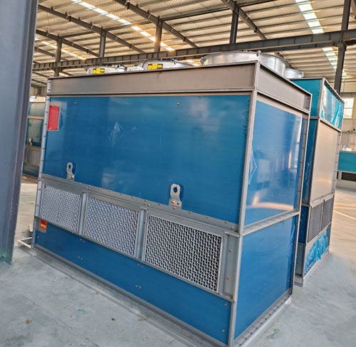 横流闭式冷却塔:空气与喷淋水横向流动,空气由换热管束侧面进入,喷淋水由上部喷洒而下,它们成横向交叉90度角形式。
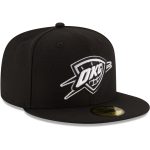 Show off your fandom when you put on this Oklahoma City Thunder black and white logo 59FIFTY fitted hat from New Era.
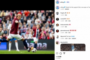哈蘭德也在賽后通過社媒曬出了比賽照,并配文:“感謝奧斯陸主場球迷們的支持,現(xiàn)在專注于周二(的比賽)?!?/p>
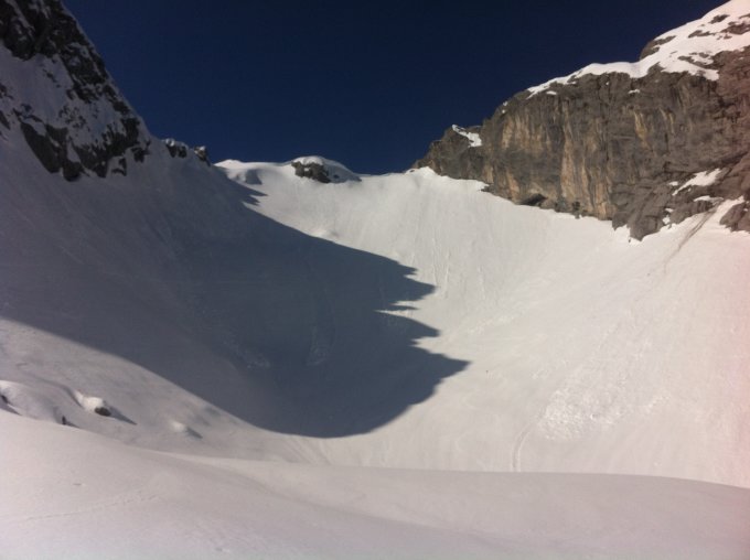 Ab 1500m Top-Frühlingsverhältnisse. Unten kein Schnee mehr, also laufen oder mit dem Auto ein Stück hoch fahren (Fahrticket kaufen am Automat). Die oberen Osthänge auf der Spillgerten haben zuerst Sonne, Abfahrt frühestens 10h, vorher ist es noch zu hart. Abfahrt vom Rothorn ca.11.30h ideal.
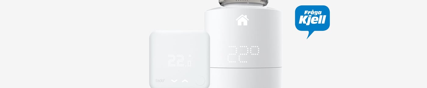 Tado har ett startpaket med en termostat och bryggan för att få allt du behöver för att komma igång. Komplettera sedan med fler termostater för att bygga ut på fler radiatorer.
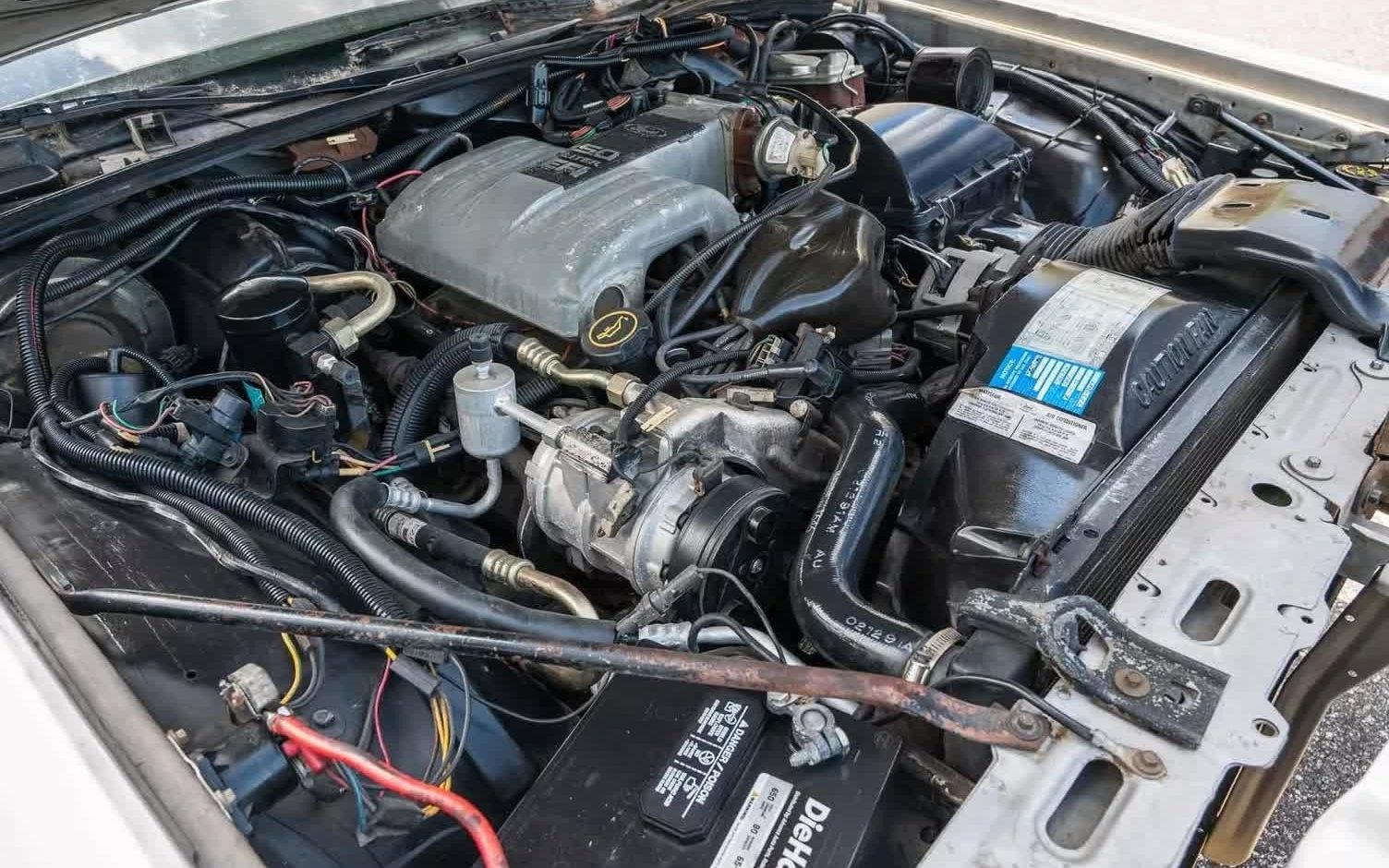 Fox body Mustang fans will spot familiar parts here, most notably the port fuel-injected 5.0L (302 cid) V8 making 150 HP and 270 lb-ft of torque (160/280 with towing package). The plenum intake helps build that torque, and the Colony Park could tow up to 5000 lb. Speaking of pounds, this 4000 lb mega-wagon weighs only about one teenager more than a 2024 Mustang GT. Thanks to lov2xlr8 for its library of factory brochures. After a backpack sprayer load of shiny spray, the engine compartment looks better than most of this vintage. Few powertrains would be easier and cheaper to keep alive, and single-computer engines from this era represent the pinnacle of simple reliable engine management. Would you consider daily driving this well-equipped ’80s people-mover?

--

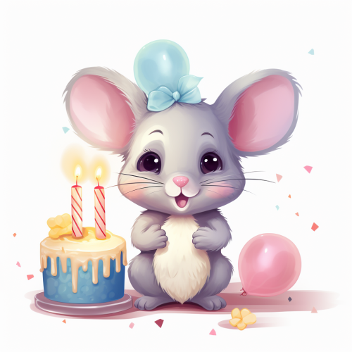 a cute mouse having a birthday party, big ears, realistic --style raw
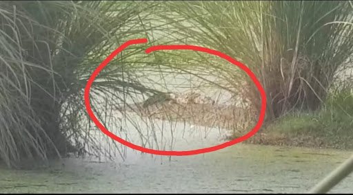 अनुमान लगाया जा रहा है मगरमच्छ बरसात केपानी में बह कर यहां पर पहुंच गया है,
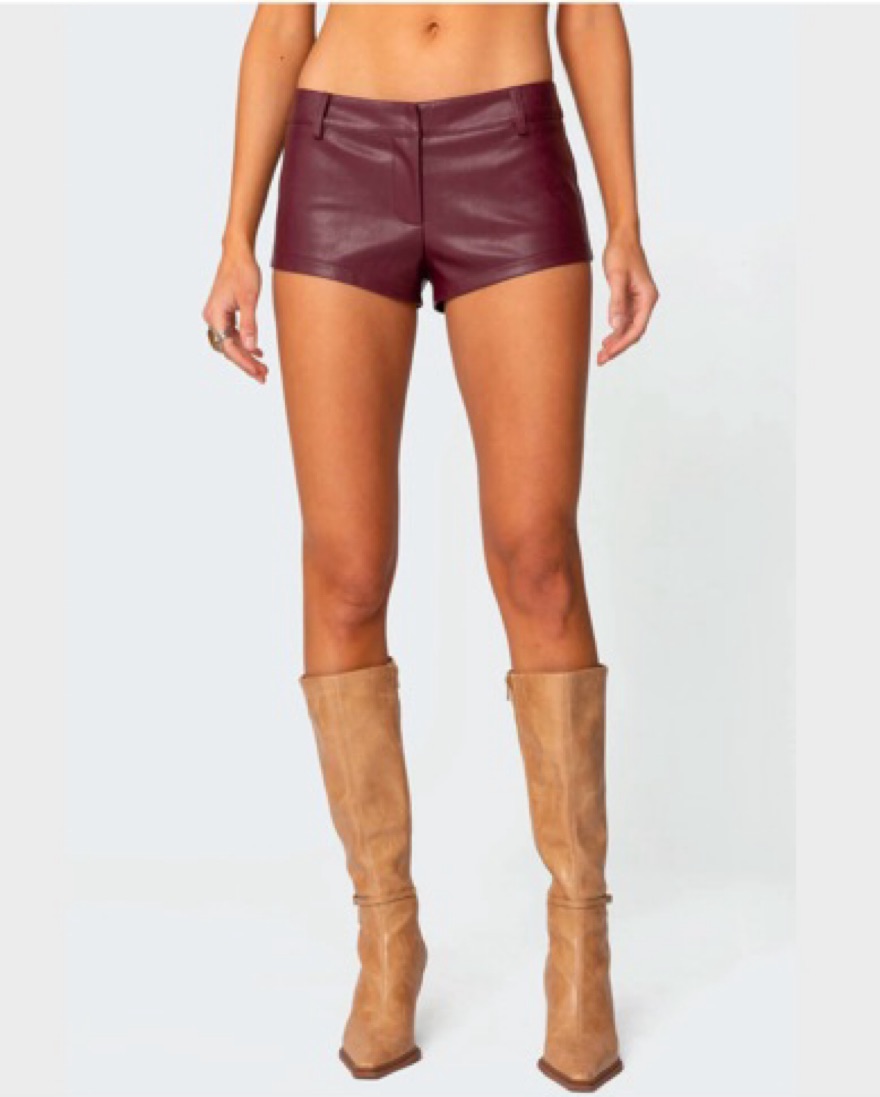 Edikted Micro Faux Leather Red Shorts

---

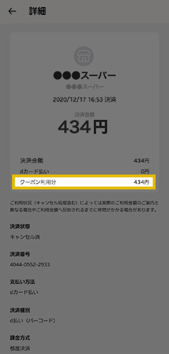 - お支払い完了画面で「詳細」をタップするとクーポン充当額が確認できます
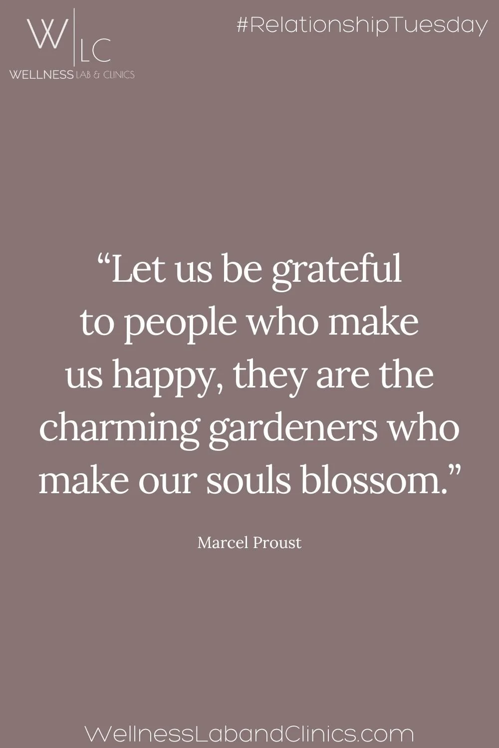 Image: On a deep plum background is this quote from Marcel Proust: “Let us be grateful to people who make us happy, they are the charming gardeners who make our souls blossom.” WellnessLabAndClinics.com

▸ **YOUR TASK**
Above are records; write out the lines from the one with "Show off your" down to the one with "Fox body Mustang", exactly, leaving the pictures out.

▸ **EXERCISE SOLUTION**
 Show off your fandom when you put on this Oklahoma City Thunder black and white logo 59FIFTY fitted hat from New Era.
哈蘭德也在賽后通過社媒曬出了比賽照,并配文:“感謝奧斯陸主場球迷們的支持,現(xiàn)在專注于周二(的比賽)?!?/p>
 Ab 1500m Top-Frühlingsverhältnisse. Unten kein Schnee mehr, also laufen oder mit dem Auto ein Stück hoch fahren (Fahrticket kaufen am Automat). Die oberen Osthänge auf der Spillgerten haben zuerst Sonne, Abfahrt frühestens 10h, vorher ist es noch zu hart. Abfahrt vom Rothorn ca.11.30h ideal.
 Tado har ett startpaket med en termostat och bryggan för att få allt du behöver för att komma igång. Komplettera sedan med fler termostater för att bygga ut på fler radiatorer.
 Fox body Mustang fans will spot familiar parts here, most notably the port fuel-injected 5.0L (302 cid) V8 making 150 HP and 270 lb-ft of torque (160/280 with towing package). The plenum intake helps build that torque, and the Colony Park could tow up to 5000 lb. Speaking of pounds, this 4000 lb mega-wagon weighs only about one teenager more than a 2024 Mustang GT. Thanks to lov2xlr8 for its library of factory brochures. After a backpack sprayer load of shiny spray, the engine compartment looks better than most of this vintage. Few powertrains would be easier and cheaper to keep alive, and single-computer engines from this era represent the pinnacle of simple reliable engine management. Would you consider daily driving this well-equipped ’80s people-mover?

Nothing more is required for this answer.